On the day that Author was to die (somehow, he just knew this was the day), he knew that there would likely be throngs of people who would mourn him. People from throughout history would hear about it, people today. He knew that they would make speeches about him, make even more days to honor him.
But he didn’t care. He didn’t care at all. He knew he was going somewhere else. He knew that where he was going, none of that mattered. He knew because the words had come to him and told him that. He knew because he never felt more love, more peace, than when just one person touched him, kissed him: his beautiful wife, who was with him now. Spending the whole day with him.
And as he started to slip out of consciousness, as he saw things for the first time since his explosions, a single tear slipped from his eye socket. A tear that came from a simultaneous sadness and joy. Sadness for the time he had wasted. And joy for the opportunity he was given to gain some back.
And when the monitor indicated that he had died, when his heart stopped beating, his brain stopped functioning, and his one lung stopped breathing, his wife began to cry.
She had felt him all this time. She had known he was finding the peace he was always looking for. She could tell by how tense he was for so long when they were married, and how he slowly relaxed over time.

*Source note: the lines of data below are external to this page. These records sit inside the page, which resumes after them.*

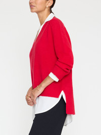 - Oversized (take a size down if you prefer a closer fit) - V neck - Dropped shoulders - Curved high low hem - 70% Wool/30% Cashmere with 100% Polyester Georgette partial shirting underlayer - Imported - Dry clean recommended - Model is 5'9" and is wearing a size Small Handpicked for Oprah's Favorite Things 2024 Our bestselling sweater for over 10 years, The Looker Layered V-Neck makes getting dressed and looking effortlessly chic so easy. A luxurious, cashmere blend sweater is pre-layered over a recycled georgette underlayer which creates the illusion of two pieces in one. The shirting collar, cuffs and hem are attached on the inside of the knit layer, so The Looker remains lightweight and trans seasonal, while the slightly oversized fit makes it cozy. The mixed media sweater that completes any look, The Looker is the one piece you will want to wear every day, everywhere.
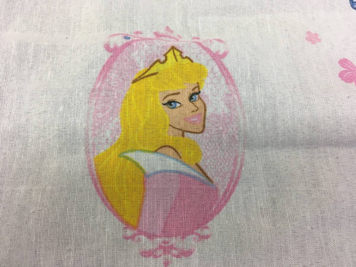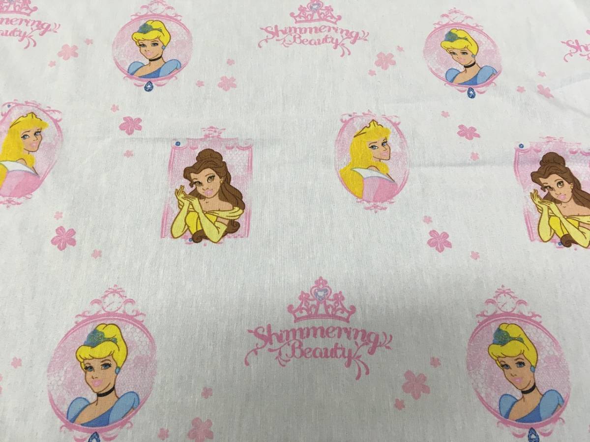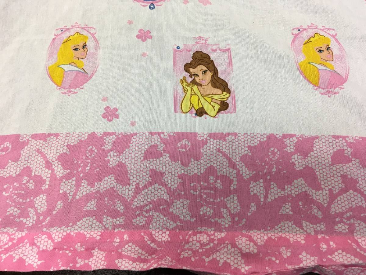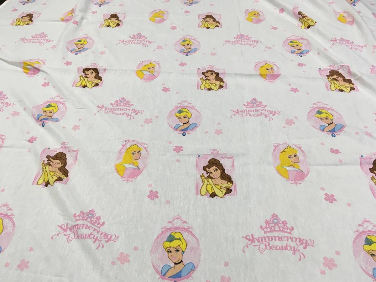 プリンセスのフラットシーツ中古品、アメリカで購入しました。 サイズはTWINの表記で縦約232cm・横約164cmです。  素人の採寸ですので若干の誤差はお許し下さい。下の部分約16cm柄が違います。
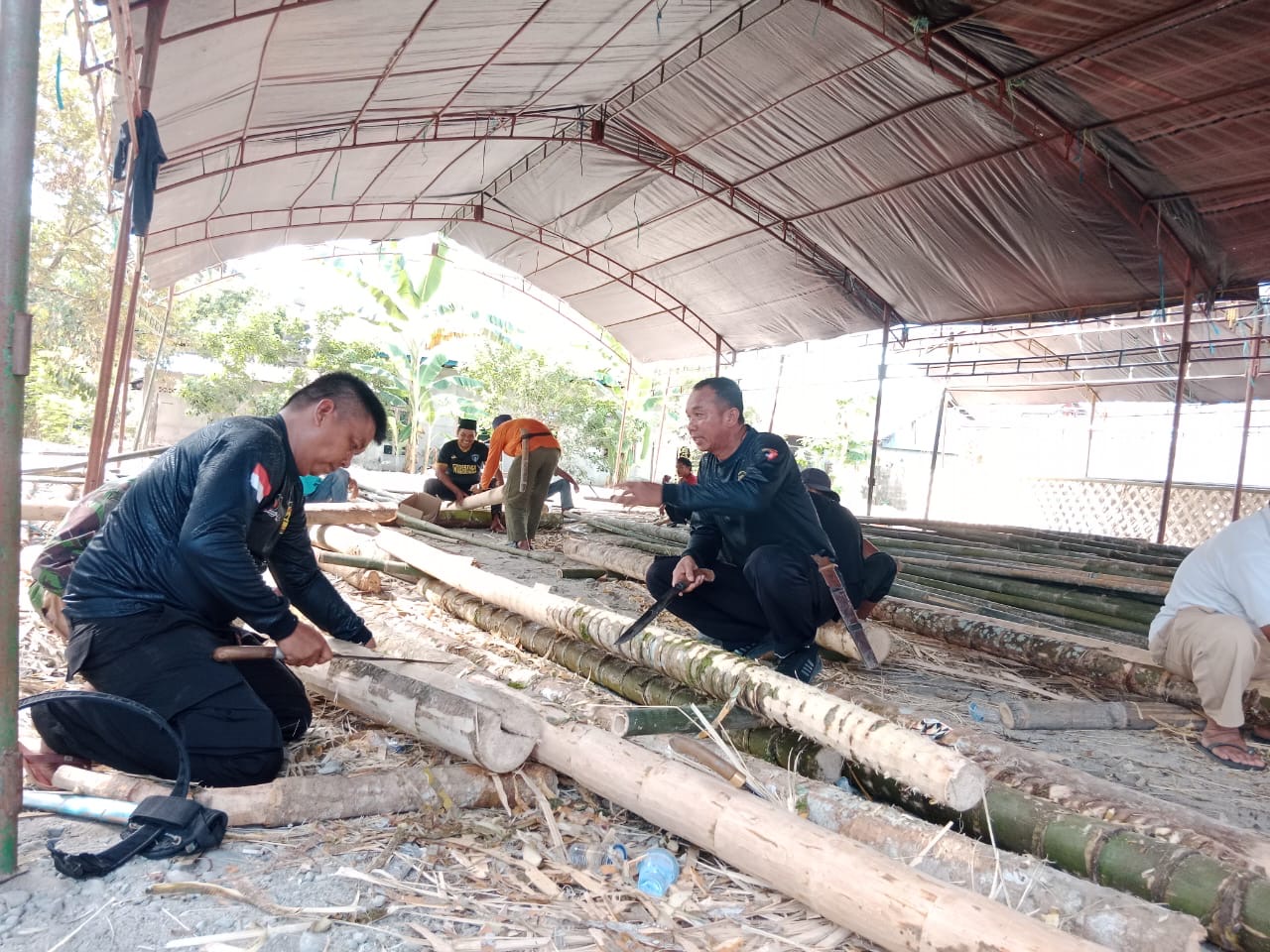 Personel Batalyon D Pelopor Satuan Brimob Polda Sulawesi Selatan melaksanakan kegiatan hari ke-3 pembuatan Balasuji dalam rangka Pengukuhan Kemakolean Baebunta, yang bertempat di Desa Baebunta, Kecamatan Baebunta, Kabupaten Luwu Utara.

She smiled, tears flowing down her eyes, the only one that knew how much her poor husband had suffered trying to convince the world of what she had known all along: that he was a great man. A worthy man. And as she laid her head down on his chest, which was no longer rising and falling as it had all these years, she cried and cried for the husband she had loved more than ever.
And when the funeral happened, Author’s Wife went to it, and people were amazed at her look of peace, her look of strength. It was the first funeral that everyone in the world attended, and everyone that had ever existed flew forward and back in time to attend. Martin Luther King Jr spoke followed by Lao Tzu and then Abraham.
The whole time, the wife stood in silence, unresponsive to the fanfare. Unresponsive to the whole world crying around her.
She looked up into the sky, where no one was crying, where no one existed, and she envisioned Author as she loved him. With no limbs, no mouth, no eyes. Just… a soul. And she couldn’t wait to join him.